▶ _Problem_: Locate "2. Le champ" in the data below, then output the line it is on and all following lines through the last, word for word. Skip any pictures.

*** Information provided

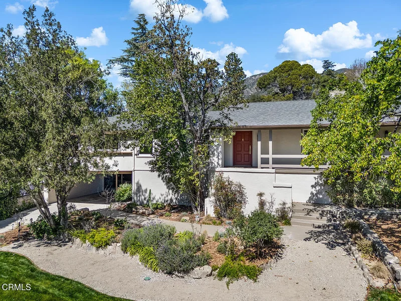 Set in the heart of La Crescenta, this charming 1937 home at 2345 Orange Cove Ave offers a coveted poolside lifestyle, timeless architectural detail, modern updates, and a location central to top-rated schools, neighborhood parks, and the shops and restaurants of La Crescenta and Montrose. A gated driveway and river rock landscape walls introduce the property, with a wide covered front porch welcoming you to the entry. Inside, the living room is anchored by a two-sided river rock fireplace, a striking architectural centerpiece, with a tongue and groove beamed wood ceiling overhead. The adjacent den enjoys the other side of the fireplace, a raised hearth bench, and french doors that open directly to the patio and pool, creating seamless indoor-outdoor living. Nearby, the modernized kitchen is anchored by a large waterfall island with breakfast bar and just-installed appliances including a stainless steel range and smart refrigerator. The kitchen flows into a comfortable dining area, which enjoys views of the pool and garden outside. Three bedrooms occupy the main level, two of which are primary suites, each with spa-like baths, soaking tubs, separate showers, and large walk-in closets. The first primary bedroom looks out to the pool and backyard, while the other opens through french doors to a large private balcony with Saltillo tile floors. Downstairs, two additional bedrooms, two three-quarter baths, and a large game room offer flexible space for activities with direct access to the convenient carport. Outside, lush grass areas in the front and back yards, a sitting deck, and a generous patio frame the sparkling pool and mountaintop views, an ideal setting for entertaining or relaxed Southern California living. Mountain Avenue Elementary, Rosemont Middle School, Crescenta Valley High School, and Two Strike Park are all just moments away. With its character details, modern updates, and exceptional poolside outdoor living, 2345 Orange Cove Ave is a rare find in one of the Foothills' most cherished communities.
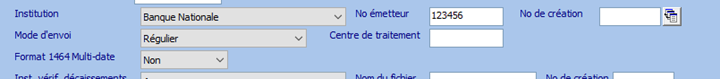 2. Le champ Format 1464 Multi-date permet de déterminer de quelle façon l’institution financière va traiter les déboursés inclus dans un fichier de paiement direct. En indiquant Oui, le fichier de paiement direct sera traité selon les dates des déboursés. En indiquant Non, le fichier de paiement direct sera traité une seule fois par l’institution bancaire en fonction de la date du fichier de préparation et non en date des différentes déboursés.
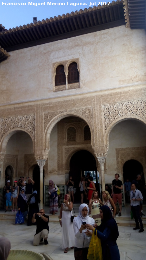 • A él da la Fachada de Comares (Alhambra. Fachada de Comares) y el Cuarto Dorado (Alhambra. Cuarto Dorado).
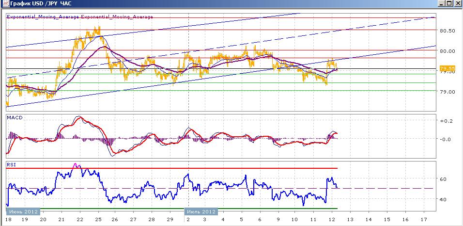 С 25 июня пара движется в коридоре с границами 79.20-80.00. в рамках этого коридора с прошлой пятницы пара снижалась, в итоге проверив вчера на прочность нижнюю границу канала, после чего достаточно резко немного подросла, добравшись до отметки 79.80. сегодня пара торгуется с небольшим понижением, получая пока что поддержку от средней скользящей ЕМА55. Индикаторы MACD и RSI вчера вышли выше своих центральных линий и сегодня снижаются. Цели вверх на сегодня — 79.80, 80.00, 80.50. Цели вниз — 79.40, 79.00

******

▶ _Exercise result_:
 2. Le champ Format 1464 Multi-date permet de déterminer de quelle façon l’institution financière va traiter les déboursés inclus dans un fichier de paiement direct. En indiquant Oui, le fichier de paiement direct sera traité selon les dates des déboursés. En indiquant Non, le fichier de paiement direct sera traité une seule fois par l’institution bancaire en fonction de la date du fichier de préparation et non en date des différentes déboursés.
 • A él da la Fachada de Comares (Alhambra. Fachada de Comares) y el Cuarto Dorado (Alhambra. Cuarto Dorado).
 С 25 июня пара движется в коридоре с границами 79.20-80.00. в рамках этого коридора с прошлой пятницы пара снижалась, в итоге проверив вчера на прочность нижнюю границу канала, после чего достаточно резко немного подросла, добравшись до отметки 79.80. сегодня пара торгуется с небольшим понижением, получая пока что поддержку от средней скользящей ЕМА55. Индикаторы MACD и RSI вчера вышли выше своих центральных линий и сегодня снижаются. Цели вверх на сегодня — 79.80, 80.00, 80.50. Цели вниз — 79.40, 79.00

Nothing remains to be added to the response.